After 2 small phase III trials in minimally symptomatic metastatic castration-resistant prostate cancer (mCRPC), sipuleucel-T showed no change in time to progression (the primary end point of each study). However, a preplanned secondary analysis suggested an improvement in overall survival.4,5 A third larger trial was then initiated, with survival as the primary end point. This trial enrolled essentially the same patient population as the previous trials: those with good functional status and asymptomatic or minimally symptomatic mCRPC. The patients (n=512) were randomized 2:1 in favor of sipuleucel-T. The results of this study showed an improvement in overall survival (25.8 vs. 21.7 months; P=.032) and subsequently led to FDA approval, representing the first approval of a therapeutic cancer vaccine.6 Once again, no change in time to progression was seen.

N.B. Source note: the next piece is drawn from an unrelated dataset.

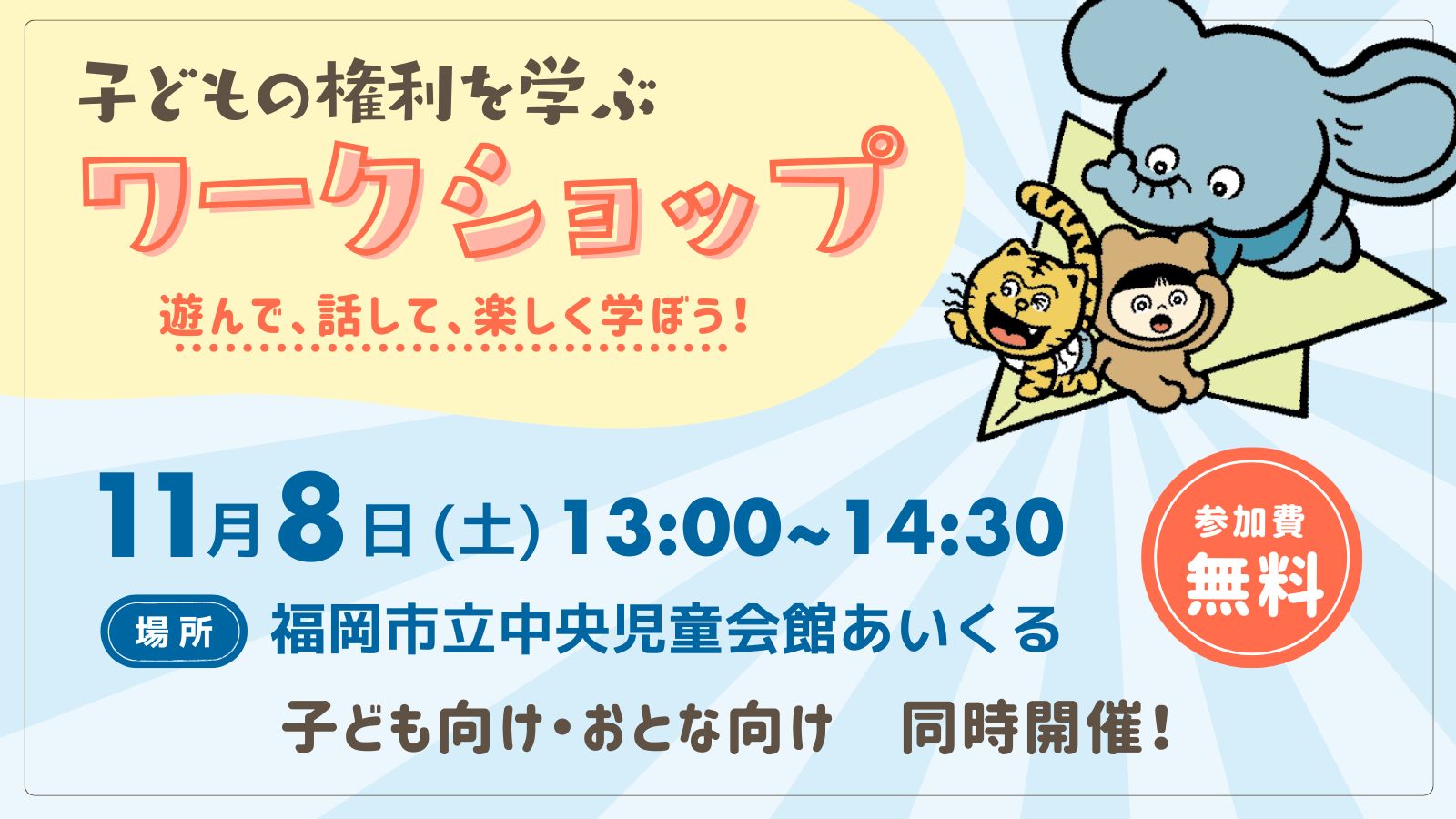 紙ひこうきやすごろくなどの遊びを取り入れたワークショップで、「子どもの権利」について楽しく学びます。

Despite its status as a first-in-class agent and its negligible toxicity profile, sipuleucel-T has not yet been widely embraced by practitioners who treat prostate cancer.

Although some investigators have raised speculative concerns about the impact on the control arm of both age (based on subgroup analysis) and possible immune depletion,7 more pragmatic studies have suggested that sipuleucel-T was beneficial for all subgroups (including those classified according to age6). Furthermore, only a clinically insignificant number of lymphocytes are removed during apheresis, and no increased infections were noted in the registration trial.8,9 Along with more practical issues involving logistics, cost, and reimbursement, the lack of early markers of therapeutic benefit has been a major concern. Unlike standard cytotoxic therapies or modern hormonal therapies, sipuleucel-T has not shown an ability to shrink tumor or decrease prostate-specific antigen (PSA) levels in most patients, in apparent contradiction to the ultimate outcome of 2 phase III studies that showed improved survival.4,6 Closer analysis, however, shows that 2 other immune-based therapies have also shown a paradoxical improvement in overall survival without near-term changes in tumor characteristics.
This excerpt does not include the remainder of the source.